Grant Maxie is motivated to come to work every day by things that would make others want to stay home: avian influenza, Q fever, H1N1 and West Nile virus, to name just a few.
The challenge of identifying, monitoring and testing for new and emerging diseases is what makes the director of U of G’s Animal Health Laboratory (AHL) keen to get to campus each morning ─ even after 40 years.
These days, he has a larger, newer and shinier “office” to come to as well. In October, the University officially opened the Pathobiology – Animal Health Laboratory building, a $62-million, four-storey, 126,000-square-foot hub for investigating diseases and solving animal and public health problems.
About one- third of the building is dedicated to AHL, which provides specialized diagnostic services for veterinarians and public- and private-sector clients as a partner in the Ontario Animal Health Surveillance Network with the Ontario Ministry of Agriculture, Food and Rural Affairs (OMAFRA).

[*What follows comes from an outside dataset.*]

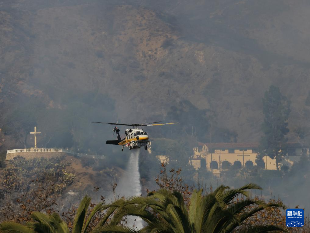 12月10日,在美国加利福尼亚州洛杉矶县马利布,一架消防直升机正在扑灭野火。新华社发(邱晨 摄)

Already recognized internationally as a leader in detecting and controlling infectious pathogens, AHL is now even better and stronger. Its testing and detection equipment is state-of-the-art, and its new laboratories are better configured and more elaborate.
Strolling along the hallways of the laboratory, which occupies the first and second floors of the new building, Maxie resembles a proud new father. “We have unique technology that distinguishes us, making us the most sophisticated veterinary diagnostic lab in Ontario.” There are open-concept laboratories that encourage cross-training. “The idea is that you can see what your colleagues are doing and share tasks and technology better.”
Specialized areas allow for detecting foreign animal diseases, testing for TSEs (rare degenerative brain disorders called transmissible spongiform encephalopathies), and performing a variety of enzyme-linked immunosorbent assays (ELISAs).
Cutting-edge machines do everything from determining causes of animal disease to characterizing viral gene sequences.
The building affords improved biosecurity and biocontainment too, especially for the postmortem suite and its enhanced containment labs. “Tighter security means we can deal better with bad bugs,” Maxie says. “We are not tracking anything in, and we are not taking anything home.”
Of course, it’s not just “new house” pride that has him so enthusiastic. Rather, he knows that this is where the next disease outbreak will be monitored, an emerging pathogen detected, or a potentially dangerous disease prevented. “There is always something new emerging. We’re always in the front line ready to detect and help understand these challenges,” he says.
Among past challenges, AHL has monitored mad cow disease and rabies, provided expertise on zoonotic agents such as influenza A virus, and even helped solve a major international mystery. In 2007, tests conducted in AHL’s Laboratory Services helped explain how melamine-contaminated pet food was killing dogs and cats in North America. “That was a big event,” Maxie says.
He has led the laboratory since it moved to U of G in 1997 under the University’s enhanced partnership with OMAFRA. He oversees a staff of about 100 full- and part-time employees, including 17 veterinarians, all working as a team to provide excellent client service.
The Animal Health Laboratory is in the third year of a five-year, $7.5-million OMAFRA strategic investment in animal health that has supported more than 40 research and development projects. “It’s a big investment that has given us plenty of opportunity to move forward,” he says. OMAFRA also provided $25 million toward the new building.
Maxie came to Guelph in 1969 as a 23-year-old grad of the Western College of Veterinary Medicine in Saskatchewan. His subsequent PhD in clinical pathology took him to Kenya in 1974 to study protozoal disease for three years. “I was young and mobile and ready for an adventure.”
His future wife joined him in Kenya to work as a clinician at the University of Nairobi, and they were married in Kenya. Prof. Laura Smith-Maxie is a long-time OVC neurologist, and their two children are U of G graduates in engineering and math and in wildlife biology.
Maxie has worked as a faculty member in the Department of Pathobiology and as a pathologist for OMAFRA. He has edited the Canadian Veterinary Journal and the three-volume Jubb, Kennedy & Palmer’s Pathology of Domestic Animals, and has served on the council of the College of Veterinarians of Ontario.
“There has been a lot of evolution in this job,” he says. “Things just keep happening; it’s never boring!”